Solid Results on Solid’s Hot Fire Test

November 28, 2023, 11:25 AM CDT/ By Robert Barthell

The Illinois Space Society's Solid Propulsion Team saw an SRAD engine of their creation spring into action and prove its functionality in a hot-fire test conducted this past Sunday.  The engine clocked a burn time of 3.687 seconds, noticeably longer than expectations.  

A solid rocket is fueled by grains, which are first heated to a temperature high enough that they start combusting. This creates a gas that is forced out and consumed in the propulsion process, generating thrust. In this student-designed engine built from scratch, the 54-millimeter fuel grains were made of potassium nitrate, similar to the gunpowder used in fireworks, and sorbitol. The engine burns from the inside out and expels the remnant smoke through its bottom.  

The club's members spent months split into groups working on various aspects of the project, from manufacturing the fuel grains to testing the engine's structure. The team's initial step was to construct the grains. Then, a separate subteam created an aluminum case and nozzle, which was given to a testing team that assembled the stand capable of withstanding the force of the launch.

"It's fully student-researched and designed; that's what SRAD stands for," said John Larosa, the lead for the Testing subteam.

"It's a big accomplishment coming from previously launching commercial off-the-shelf motors. We were very happy, and this launch stood out because this was our first fully SRAD hot-fire. So, this time, we had our SRAD test, our SRAD fuel grains, and SRAD casing. This motor and this hot fire stand out because it's our first successful attempt," he added.

Building an engine from scratch requires a concentrated effort from various fields, and the end result must satisfy mutually disagreeable requirements.

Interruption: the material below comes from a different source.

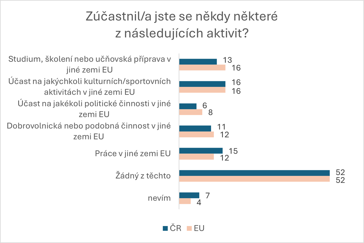 Polovina mladých lidí se dosud nezúčastnila žádné z vybraných zahraničních aktivit. Pokud ano, jedná se nejčastěji o kulturní či sportovní aktivity nebo práci, následují pracovní či studijní zkušenosti. Nejvíce studijních zkušeností mají Malťané (23 %), Kypřané (25 %) a Lucemburčané (30 %) nejméně naopak Maďaři (10 %) a Švédové (9 %). Kulturní a sportovní aktivity se v největší míře účastní Estonci a Bulhaři (shodně 25 %) a Lucemburčané (28 %), naopak Kypřani a Finové (12 %) nebo Portugalci (11 %) je vyhledávají méně. Politických aktivit v zahraničí se účastní nejvíce Lucemburčani (23 %), u všech ostatních zemí je to výrazně méně, největší rozdíl je patrný u Čechů a Slováků (6 %), Španělů (5 %) a Poláků (4 %). Dobrovolnictví je nekompromisně nejpraktikovanější v Lucembursku (32 %), dále následuje až s velkým odstupem Lotyšsko a Bulharsko (19 %). Zahraniční pracovní aktivity mají nejčastěji Rumuni (21 %) a Finové, Poláci a Lucemburčani (18 %). Nejméně je tomu u Maďarů, Kypřanů, Španělů, Italů a Řeků (10 %).

For example, the team relied heavily on computer simulations to balance pressure and performance. "Normally, we want to have as much propellant in there as possible, but as we add more propellant, our pressure increases, and when we increase pressure, that increases the risk that our motor will malfunction or possibly go up. Essentially, they're trade-offs," said John Kemp, the Simulations subteam lead.  

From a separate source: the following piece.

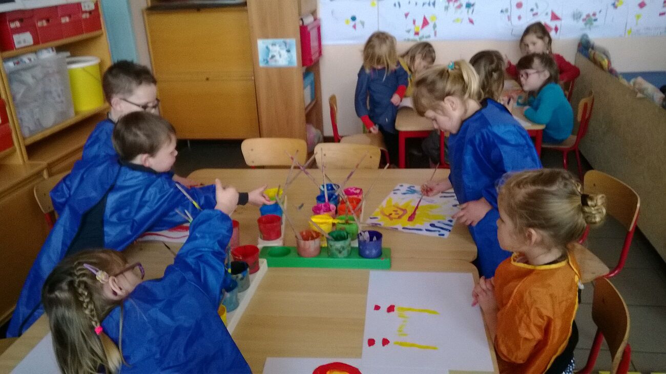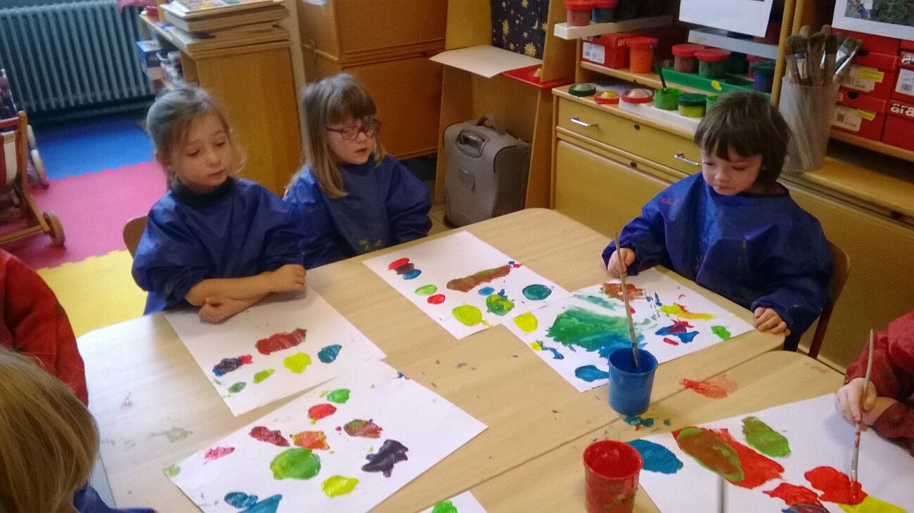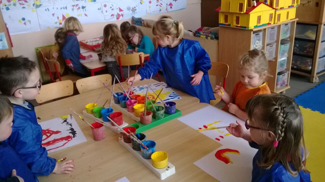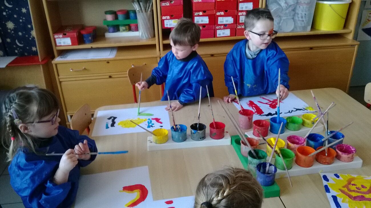 Muz: beeld: " vrij schilderen na het verhaal van de kleurentovenaar"

"It's it's a lot more complicated than we thought it would be. There are a lot of small details and decisions that need to be made, a lot of calculations, and a lot of stress analysis. So I'd say we learned a lot about all of that," added Zach Dahhan, the Structures subteam lead.

Once set up, the launch crew required time to repair a damaged and "uncooperative" O-Ring, a flexible component that protects the onboard fuel from harsh exterior conditions and ensures that none leaks out. This delayed the launch, though a crowd of student builders unfolded their chairs and braved the bitter November winds to see their creation roar to life.  

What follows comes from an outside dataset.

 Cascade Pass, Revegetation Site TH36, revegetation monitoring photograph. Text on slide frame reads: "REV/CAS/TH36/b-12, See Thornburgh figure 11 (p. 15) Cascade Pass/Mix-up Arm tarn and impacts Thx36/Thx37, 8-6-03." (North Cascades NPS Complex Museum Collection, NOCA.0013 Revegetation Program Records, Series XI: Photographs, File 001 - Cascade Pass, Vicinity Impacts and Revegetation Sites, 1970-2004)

After a loud sizzle, smoke burst from the engine and headed straight towards the spectators, who stood 50 feet away. Initial reactions were jubilant, though more scrutinous analysis of the launch's physical characteristics left certain things to be desired - that being, the engine's recorded average thrust of 44.4 N did not reach the sheer power that was hoped for.

"During the motor burn, the top CAD piece of the test stand started to melt at the connection points due to being secured to the radial bolts instead of the blue tube. No major damage was caused to the piece, but for the future, the CAD part will be secured to the blue tube and not the radial bolts," read a post-launch report authored by the team.

"We are happy after this launch because we couldn't get data from our last launch," noted Larosa.

"There were some problems at this launch. Looking at the data afterward, we realized that we couldn't produce as much thrust as we had, and I think it burned a little longer. So we're going to start to look into why that could have been," he added, noting that this process involves physically opening the rocket and examining its interior long after it has fired.

Kemp added that the team will return to more simulation analysis and adjust more variables to produce a more accurate end result model for the next launch.

Nevertheless, the leads pointed to the personal and professional growth they have experienced working as a team.

"Some other people built the test stand, so we had to dissect the stand and get a better understanding of it. More of the knowledge of the test stand was with older members, and now with newer members, we were able to learn a lot more about the wiring and electronics of the test stand while doing some of this stuff," Larosa said.

Dahhan recalls that the team was rather shy and reluctant to interact with each other when the project began last year, which gradually changed. "Throughout the year, we got more comfortable with each other, got more comfortable putting our own ideas and being able to actually share ideas and grow," he said.

"[My position] helped me to grow as a leader and an engineer, being able to make decisions and foster a sense of teamwork within our group. But also, I'm able to connect with our members better. I'm able to sit down and help them with what they're working on and learn as we go along," he added.

Furthermore, his sights are set on the team’s next project, BAM, a motor of immense size which he mentions calls for significant upgrades in structure and power.  

"It's going to be even better. We're going to have a larger motor. We're going to have some carbon fiber, and that's a whole step up from what we had before. So I'm really excited for what's in the future."